L’energia rinnovabile derivante dal mare (onde, correnti e maree) si attesta ad un grado di utilizzo che va dal 35% fino al 70% in condizioni favorevoli. Questo è dovuto all’accumulo energetico che caratterizza i mari e gli oceani; infatti, anche se il vento non soffia più le onde e le correnti possono fornire energia ugualmente. Inoltre, l’energia dei mari presenta una densità molto superiore rispetto a quella eolica e solare e risulta essere anche più prevedibile.
Le tecnologie che traggono energia dai mari
Sono svariati i fenomeni marini che potrebbero essere utilizzati per la produzione di energia e in tale ottica assume particolare rilievo lo sfruttamento dell’energia del moto ondoso. Esistono impianti chiamati a “salto idrico”, nei quali il passaggio delle onde in un canale di larghezza decrescente determina il riempimento di un contenitore sopraelevato rispetto al livello del mare. L’acqua raccolta, durante il deflusso, fa girare delle turbine producendo così elettricità.
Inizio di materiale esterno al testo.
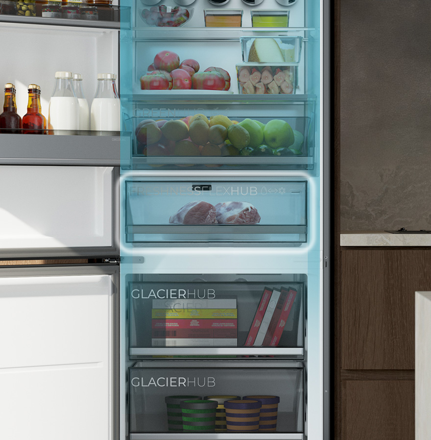 Regula la temperatura y humedad del cajón Freshness Flex Hub para alargar la frescura original de tus alimentos.

Altri impianti sono basati sul principio di Archimede: tali sistemi sfruttano il cambio di pressione che viene generato dall’aumento della colonna d’acqua sovrastante un impianto sommerso che è costantemente soggetto a cicli di compressione e decompressione. Un importante esempio è il progetto Pelamis, nelle acque del Portogallo: si tratta di una struttura galleggiante che è in grado di trasformare l’energia meccanica in energia elettrica.
Anche le Maree sono divenute oggetto di studio, con il loro giornaliero innalzamento ed abbassamento di ampie masse d’acqua dovuto alla attrazione gravitazionale Terra Luna.
L’Energia maremotrice, invece, viene sfruttata da un impianto che fonda il proprio funzionamento su un sistema di bacini che si riempiono e svuotano in funzione delle maree e poi convogliano l’acqua attraverso delle turbine collegate a dei generatori.
In Francia, alla foce del fiume Rance, negli anni sessanta del ‘900 è stata costruita una centrale che sfrutta la marea che in quelle zone raggiunge i 13,5 metri di dislivello. Tale impianto copre ogni anno il 3 % del fabbisogno elettrico della Bretagna francese.
L’Energia talassotermica, indicata comunemente con l’acronimo Otec (Ocean thermal energy conversion), nasce dalla differenza di temperatura tra le profondità oceaniche e la superficie marina. Le installazioni necessarie per incamerare questa tipologia di energia necessitano però di un luogo adatto, come le zone tropicali, infatti esiste un sistema in funzione nelle isole Hawaii.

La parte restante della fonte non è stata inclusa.